March 24, 1990, about 6:00am, the victim Acuesta was riding in his easy rider bicycle along the
Gomez Street of Calbayog City where defendant Philtranco Bus No. 4025 with plate No. EVA-
725 driven by defendant Rogasiones Manilhig was being pushed by some persons in order to
start its engine. As the engine of the Philtranco bus started abruptly and suddenly, its running
motion was also enhanced by the said functioning engine, thereby the subject bus bumped on the
victim Acuesta who, as a result thereof fell and, thereafter, was run over by the said bus.

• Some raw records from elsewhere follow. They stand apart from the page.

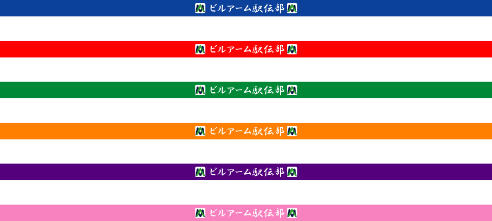 2011/11/1 ビルアーム駅伝6色はちまき 原稿案 更新日:2017年4月6日 公開日:2011年11月1日 オリジナル品の原稿デザイン はちまきの原稿案です。地の色はご要望がありました通り、6色色違いとなります。クリックすると画像が大きく表示されます。 タイトル:ビルアーム駅伝部はちまき 種類:はちまき サイズ:4cm幅*長さ120cm 生地:ポリエステル 仕立て:1本仕立て 加工:青赤緑橙紫桃地に白文字、マーク 原稿イメージは当社ホームページ上に保存しております。削除をご希望の場合にはご連絡くださいますようお願いいたします。 投稿ナビゲーション 2011/11/1 ビルアーム駅伝たすき 原稿案
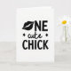 This card features a high-contrast black-on-white layout with the phrase “ONE cute CHICK” centered for instant focus. The “O” in “ONE” is replaced by a small pair of puckered lips, adding a flirty touch that feels like a wink between close friends. “ONE” appears in tall, dark uppercase letters, while “cute” sits just below in a flowing, cursive-style lowercase that softens the look. A small solid star appears on each side of “cute,” like tiny accents framing the word with a little sparkle 🌷. The final word, “CHICK,” is set in sturdy uppercase lettering that anchors the design with confident balance. Everything stays in a simple monochrome palette, letting the shapes and letterforms do the talking without extra scenery. The lips icon is filled in black, and the two stars are small, black, five-pointed shapes placed evenly to the left and right of “cute” 🐰.
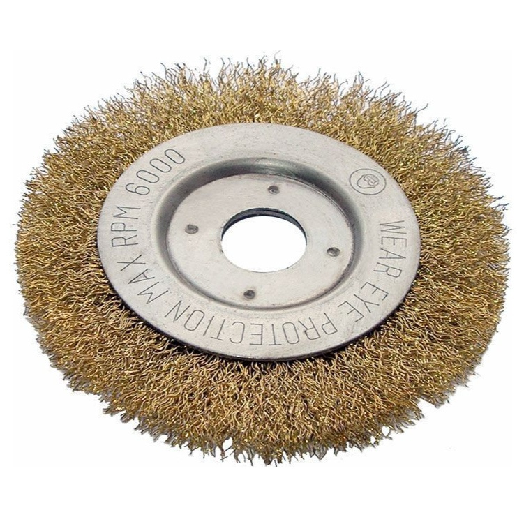 Кордщетка для шлифовальных и отрезных машин плоская (дисковая) тип "Колесо" с мягкой латунированной гофрированной проволокой предназначена для зачистки поверхностей от небольшой коррозии, заусенец.

Private respondents alleged that petitioners were guilty of gross negligence, recklessness,
violation of traffic rules and regulations, abandonment of victim, and attempt to escape from a
crime. To support their allegations, the private respondents presented eight witnesses. The
petitioners further claimed that it was the negligence of the victim in overtaking two tricycles,
without taking precautions such as seeing first that the road was clear, which caused the death of
the victim. The latter did not even give any signal of his intention to overtake. For their part, the
petitioners filed an Answer wherein they alleged that petitioner Philtranco exercised the
diligence of a good father of a family in the selection and supervision of its employees, including
petitioner Manilhig who had excellent record as a driver and had undergone months of rigid
training before he was hired. Manilhig had always been a prudent professional driver, religiously
observing traffic rules and regulations. In driving Philtranco's buses, he exercised the diligence
of a very cautious person.

ISSUE: WON PHILTRANCO can invoke the defense of diligence of a good father of a family

HELD: NO.
Civil Case No. 373 is an action for damages based on quasi-delict under Article 2176 and 2180
of the Civil Code against petitioner Manilhig and his employer, petitioner Philtranco,
respectively. We have consistently held that the liability of the registered owner of a public
service vehicle, like petitioner Philtranco, for damages arising from the tortious acts of the driver
is primary, direct, and joint and several or solidary with the driver. Since the employer's liability
is primary, direct and solidary, its only recourse if the judgment for damages is satisfied by it is
to recover what it has paid from its employee who committed the fault or negligence which gave
rise to the action based on quasi-delict.